Health Communication | 2015
Jody Koenig Kellas; Haley Kranstuber Horstman; Erin K. Willer; Kristen Carr
The overarching goal of the current study was to determine the impact of talking interpersonally over time on emerging adults’ individual and relational health. Using an expressive writing study design (see Frattaroli, 2006), we assessed the degree to which psychological health improved over time for college students who told and listened to stories about friends’ current difficulties in comparison with tellers in control conditions. We also investigated the effects on tellers’ and listeners’ perceptions of each other’s communication competence, communicated perspective-taking, and the degree to which each threatened the other’s face during the interaction over time to better understand the interpersonal communication complexities associated with talking about difficulty over time. After completing prestudy questionnaires, 49 friend pairs engaged in three interpersonal interactions over the course of 1 week wherein one talked about and one listened to a story of difficulty (treatment) or daily events (control). All participants completed a poststudy questionnaire 3 weeks later. Tellers’ negative affect decreased over time for participants exposed to the treatment group, although life satisfaction increased and positive affect decreased across time for participants regardless of condition. Perceptions of friends’ communication abilities decreased significantly over time for tellers. The current study contributes to the literature on expressive writing and social support by shedding light on the interpersonal implications of talking about difficulty, the often-overlooked effects of disclosure on listeners, and the health effects of talking about problems on college students’ health.
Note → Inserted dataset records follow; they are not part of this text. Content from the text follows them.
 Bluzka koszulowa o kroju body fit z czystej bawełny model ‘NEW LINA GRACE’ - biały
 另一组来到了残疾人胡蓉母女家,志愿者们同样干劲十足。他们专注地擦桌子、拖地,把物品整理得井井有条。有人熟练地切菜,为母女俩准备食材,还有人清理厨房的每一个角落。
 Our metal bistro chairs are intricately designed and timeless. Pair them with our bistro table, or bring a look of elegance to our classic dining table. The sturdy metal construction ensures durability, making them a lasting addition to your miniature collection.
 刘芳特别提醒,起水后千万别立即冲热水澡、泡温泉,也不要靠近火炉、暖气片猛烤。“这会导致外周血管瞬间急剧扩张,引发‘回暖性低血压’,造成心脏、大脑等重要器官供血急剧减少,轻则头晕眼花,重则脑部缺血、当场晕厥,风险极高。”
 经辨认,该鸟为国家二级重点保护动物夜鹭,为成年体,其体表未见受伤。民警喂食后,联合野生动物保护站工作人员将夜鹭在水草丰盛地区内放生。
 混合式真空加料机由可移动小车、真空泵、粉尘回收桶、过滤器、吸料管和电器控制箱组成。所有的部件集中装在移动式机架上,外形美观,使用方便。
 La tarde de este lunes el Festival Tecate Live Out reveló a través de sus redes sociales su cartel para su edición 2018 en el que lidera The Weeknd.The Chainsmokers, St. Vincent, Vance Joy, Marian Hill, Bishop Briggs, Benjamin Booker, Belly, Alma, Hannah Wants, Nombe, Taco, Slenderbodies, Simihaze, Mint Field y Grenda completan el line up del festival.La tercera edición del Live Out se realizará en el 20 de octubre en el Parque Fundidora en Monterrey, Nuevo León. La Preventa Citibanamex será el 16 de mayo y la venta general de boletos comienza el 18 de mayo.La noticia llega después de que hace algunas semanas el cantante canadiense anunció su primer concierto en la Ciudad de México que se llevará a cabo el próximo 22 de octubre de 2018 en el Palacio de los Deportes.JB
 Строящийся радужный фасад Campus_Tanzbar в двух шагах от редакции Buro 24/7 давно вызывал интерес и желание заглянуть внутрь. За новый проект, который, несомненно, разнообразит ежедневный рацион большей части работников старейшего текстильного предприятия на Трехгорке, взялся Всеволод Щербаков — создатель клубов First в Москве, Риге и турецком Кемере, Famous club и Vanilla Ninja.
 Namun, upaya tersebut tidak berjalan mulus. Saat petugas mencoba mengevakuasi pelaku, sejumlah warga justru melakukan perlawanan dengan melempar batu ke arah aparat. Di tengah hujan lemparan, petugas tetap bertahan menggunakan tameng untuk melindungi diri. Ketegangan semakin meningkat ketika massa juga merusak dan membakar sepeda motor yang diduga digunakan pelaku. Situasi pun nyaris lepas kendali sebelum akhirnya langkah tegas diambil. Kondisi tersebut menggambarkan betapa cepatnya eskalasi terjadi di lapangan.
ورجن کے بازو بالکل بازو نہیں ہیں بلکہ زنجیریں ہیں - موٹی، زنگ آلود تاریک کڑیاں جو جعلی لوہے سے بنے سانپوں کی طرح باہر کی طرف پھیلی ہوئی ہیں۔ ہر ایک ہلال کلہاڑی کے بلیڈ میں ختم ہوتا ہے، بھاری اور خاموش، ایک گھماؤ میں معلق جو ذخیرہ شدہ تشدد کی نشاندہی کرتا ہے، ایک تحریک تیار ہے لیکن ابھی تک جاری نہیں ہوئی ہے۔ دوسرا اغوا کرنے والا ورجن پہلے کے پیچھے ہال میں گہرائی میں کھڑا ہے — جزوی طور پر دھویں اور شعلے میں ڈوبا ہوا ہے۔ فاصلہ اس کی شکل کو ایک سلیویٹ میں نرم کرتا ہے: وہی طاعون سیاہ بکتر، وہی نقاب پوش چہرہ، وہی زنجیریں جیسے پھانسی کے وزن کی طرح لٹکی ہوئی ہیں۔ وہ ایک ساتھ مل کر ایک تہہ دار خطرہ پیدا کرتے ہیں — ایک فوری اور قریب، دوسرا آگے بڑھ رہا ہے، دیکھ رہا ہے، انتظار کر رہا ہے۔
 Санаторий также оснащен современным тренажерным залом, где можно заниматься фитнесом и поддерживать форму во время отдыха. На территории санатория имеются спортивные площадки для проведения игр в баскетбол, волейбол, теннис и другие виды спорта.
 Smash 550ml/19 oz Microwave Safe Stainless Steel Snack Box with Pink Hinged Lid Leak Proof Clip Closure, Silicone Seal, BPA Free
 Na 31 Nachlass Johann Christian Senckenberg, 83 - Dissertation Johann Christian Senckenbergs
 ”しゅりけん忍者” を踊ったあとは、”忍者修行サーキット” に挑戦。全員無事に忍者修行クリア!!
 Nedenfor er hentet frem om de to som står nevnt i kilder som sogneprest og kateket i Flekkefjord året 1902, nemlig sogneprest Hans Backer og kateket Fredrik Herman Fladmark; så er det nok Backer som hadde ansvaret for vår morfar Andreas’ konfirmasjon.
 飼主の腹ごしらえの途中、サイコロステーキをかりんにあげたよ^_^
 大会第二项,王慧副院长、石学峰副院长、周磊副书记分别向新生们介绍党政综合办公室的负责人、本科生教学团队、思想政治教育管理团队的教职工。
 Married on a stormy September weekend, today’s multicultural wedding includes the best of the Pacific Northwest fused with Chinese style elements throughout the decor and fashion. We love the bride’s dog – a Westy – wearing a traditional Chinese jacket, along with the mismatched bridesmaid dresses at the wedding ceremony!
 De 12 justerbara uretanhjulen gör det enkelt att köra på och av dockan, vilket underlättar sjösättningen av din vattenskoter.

Journal of Family Communication | 2014
Jody Koenig Kellas; Leslie A. Baxter; Cassandra LeClair-Underberg; Matthew Thatcher; Tracy Routsong; Emily Lamb Normand; Dawn O. Braithwaite
The current study adopts a narrative perspective in examining the content of 80 stepchildrens stepfamily origin stories. Results reveal five types of stepfamily origin stories: Sudden, Dark-sided, Ambivalent, Idealized, and Incremental. Results support the hypothesis that story type would predict differences in family satisfaction; stepchildren who described their stepfamily origins as Idealized were more satisfied than those whose origins were Dark-sided or Sudden. Overall, participants framed their stepfamily identity more positively when their stepfamily beginnings were characterized by closeness, friendship, and even expected ups and downs, rather than when they were left out of the process of negotiating or forming the stepfamily and when the beginnings were tainted by issues they considered to be dark. Stepparents or practitioners may benefit from these findings by examining the means by which stepparents may involve stepchildren in the process of stepfamily courtship, facilitate closeness, and set up realistic expectations for negotiating stepfamily life.